AI agents call get_energy_consumption to retrieve information from Tron without modifying anything — typically the context-gathering step in research, monitoring, and reporting workflows, before the agent takes action elsewhere.
This tool retrieves energy consumption data from the TRON blockchain—a read-only query with no side effects. It does not create, modify, delete, execute code, or move funds. The minimal severity reflects that misuse would only expose data already public on the blockchain.
From the tool's definition Tool name 'get_energy_consumption' and description 'Get energy consumption statistics' indicate a retrieval operation. The verb 'Get' and the passive noun 'statistics' suggest querying or reading blockchain data without modification.
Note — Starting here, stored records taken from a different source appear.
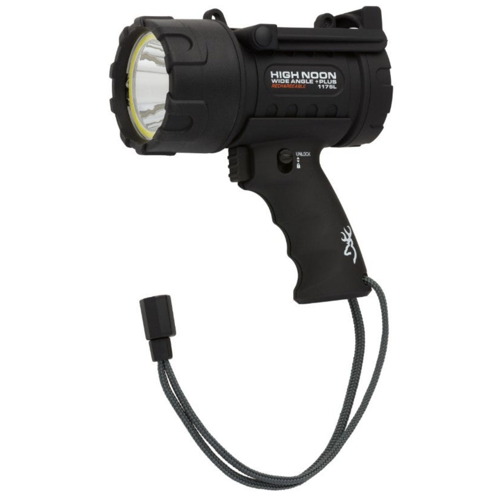 The Browning High Noon USB Rechargeable Spotlight with Wide Angle Plus is a max 1175 lumens spotlight with Wide Angle Plus technology and multiple lighting modes. It reaches up to 550 yards and runs on USB rechargeable Li-ion battery. It includes Power Bank feature and is waterproof, submersible, and floats. It includes 3000 mAh lithium ion battery with color coded charging and power remaining indicator, lanyard, and USB charging cable.
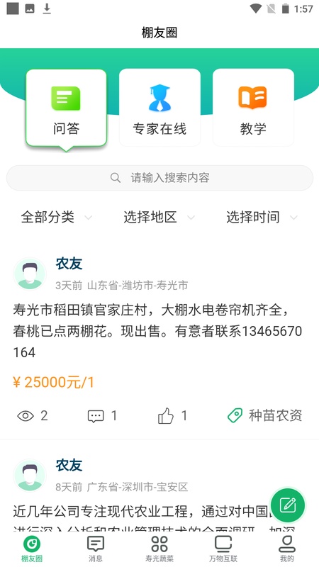 消息功能可让用户在线咨询种植专家,及时解决种植难题。
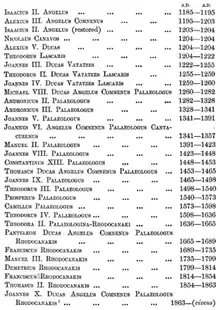 - ↑ The table lists the reigning Byzantine emperors from Isaac II Angelos (r. 1185–1195 and 1203–1204) to the last emperor, Constantine XI Palaiologos (r. 1449–1453, here numbered Constantine XIII). After Constantine, Demetrius lists Constantine's brother, Thomas Palaiologos, and then the Paleologus family of Pesaro,[10] whose descent from Thomas is not entirely historically verified.[11] Demetrius then lists members of his own Rhodocanakis family.[10] Some technically senior lines of descent are excluded: Demetrios Palaiologos, Thomas Palaiologos' older brother, is not included, nor are the undisputed verified male children of Thomas (Andreas and Manuel), though none of these figures left descendants surviving until Demetrius' time. Demetrius claimed that his family descended from Theodora, a daughter of Theodore Paleologus, through a marriage to "Eudoxia Comnena",[7] an invented figure.[12] The real descendants of Theodore, though they went extinct in the late 17th century, are excluded from Demetrius' line of succession since Theodore's "second" (only actual) wife, Mary Balls, was a Protestant (adhering to the wrong faith) and a commoner (rendering the marriage "illegal").[7]
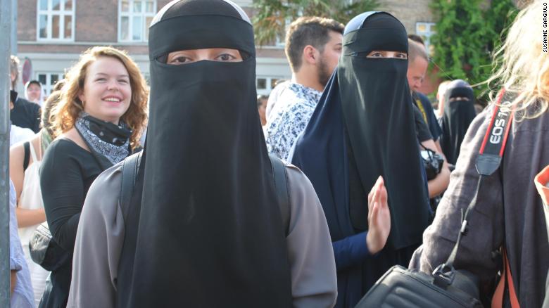 Hundreds of demonstrators gathered in the Danish capital of Copenhagen wearing burqas and other face veils Wednesday to protest a law against facial coverings, saying the legislation oppresses some Muslim women and violates their rights.
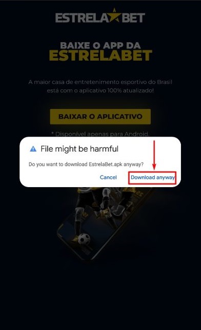 - Neste momento, o seu smartphone vai te perguntar algo sobre você autorizar o download em seu celular, dando a seguinte mensagem: “quer fazer o download de Estrela Bet apk mesmo assim?” ou, então “Quer instalar este aplicativo?”. Não se preocupe com esses termos e vá em frente, pois o site é seguro;
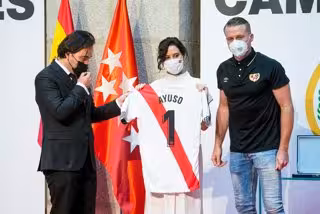 "Volvéis al lugar que os corresponde", indicó Díaz Ayuso, que ha recibido una camiseta con su apellido y el número 1, de manos del presidente del Rayo, Raúl Martín Presa, y del capitán del equipo, Alberto García, a quienes ha correspondido con una placa conmemorativa de su regreso a la máxima categoría del fútbol español.
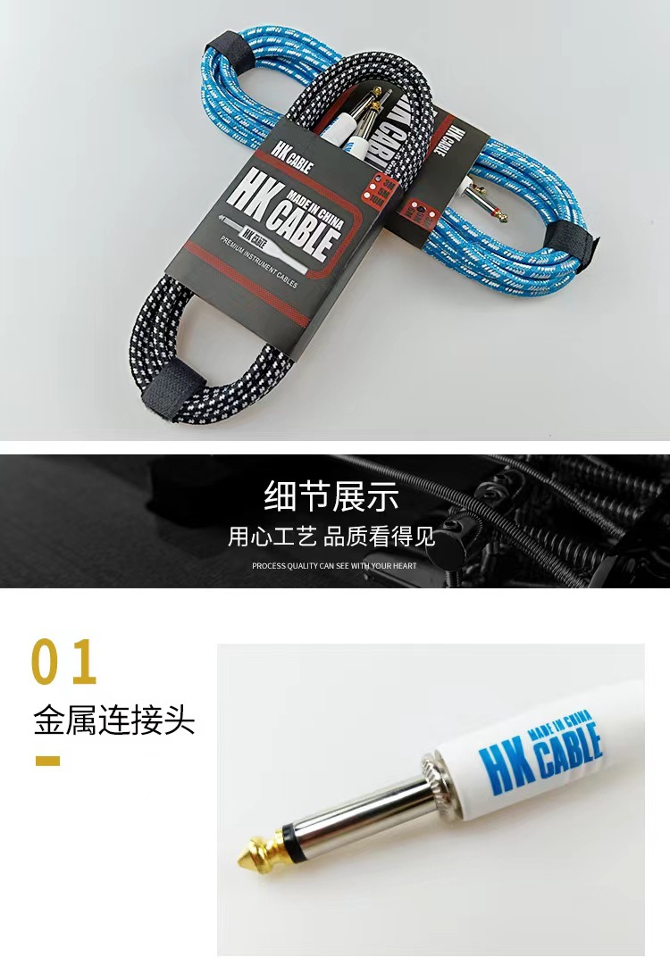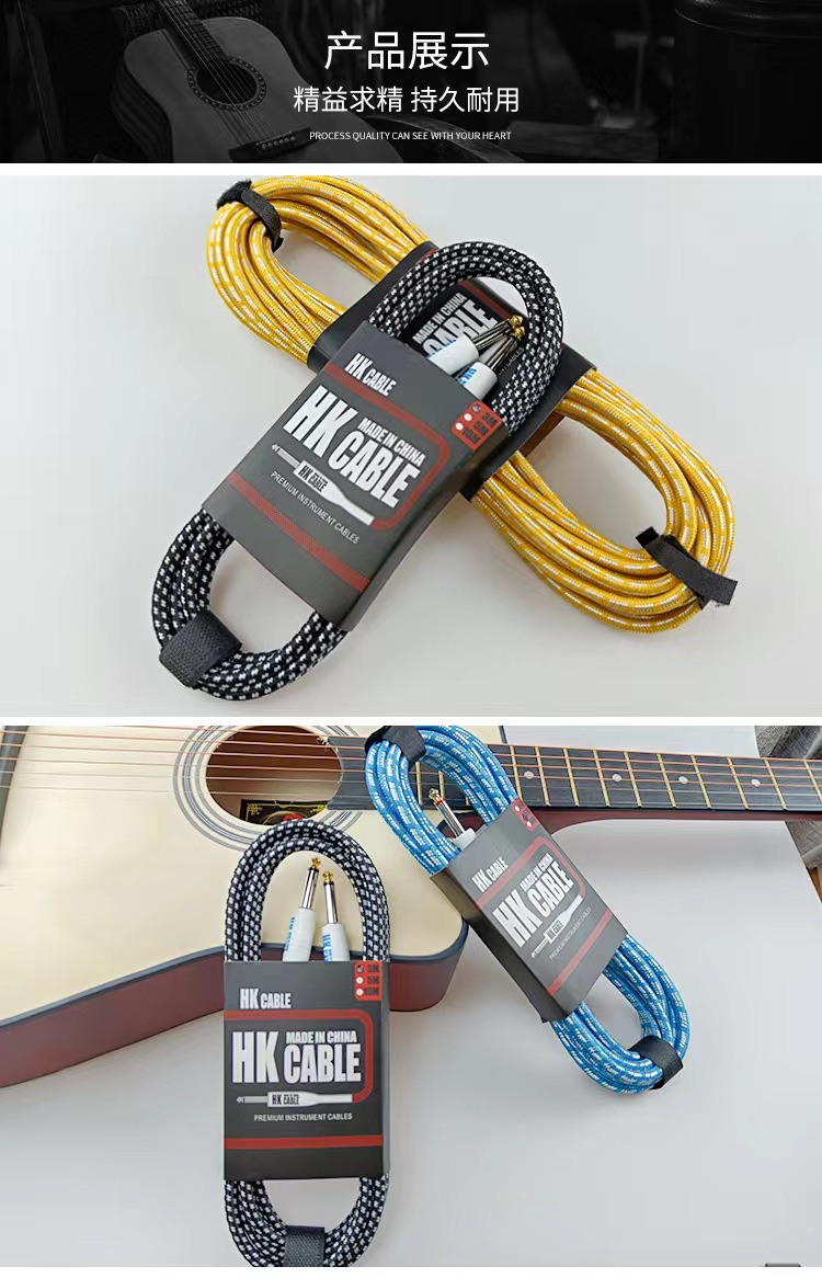 HK 직조 연결선 소음 감소 오디오 케이블 포크 기타 일렉트릭 기타 베이스 연결선 악기 연결선 기타

Attacks that exploit this kind of access
Get energy consumption statistics. It is categorised as a Read tool in the Tron MCP Server, which means it retrieves data without modifying state.
Register the Tron MCP server in PolicyLayer and add a rule for get_energy_consumption: allow, deny, rate-limit, or require approval. Point your MCP client at the PolicyLayer proxy URL and the rule is enforced on every call, before it reaches Tron. Nothing to install.
get_energy_consumption is a Read tool with low risk. Read-only tools are generally safe to allow by default.
Yes. Add a rate_limit block to the get_energy_consumption rule in your PolicyLayer policy. For example, setting max: 10 and window: 60 limits the tool to 10 calls per minute. Rate limits are tracked per agent session and reset automatically.
Set action: deny in the PolicyLayer policy for get_energy_consumption. The AI agent will receive a policy violation error and cannot call the tool. You can also include a reason field to explain why the tool is blocked.
get_energy_consumption is provided by the Tron MCP server (netts-official/tron_mcp_server). PolicyLayer sits as a proxy in front of this server to enforce policies before tool calls reach the server.
Every MCP server has a record like this.
Type a name, get the same breakdown: verified identity, auth posture, risk grade, capabilities, recommended policy.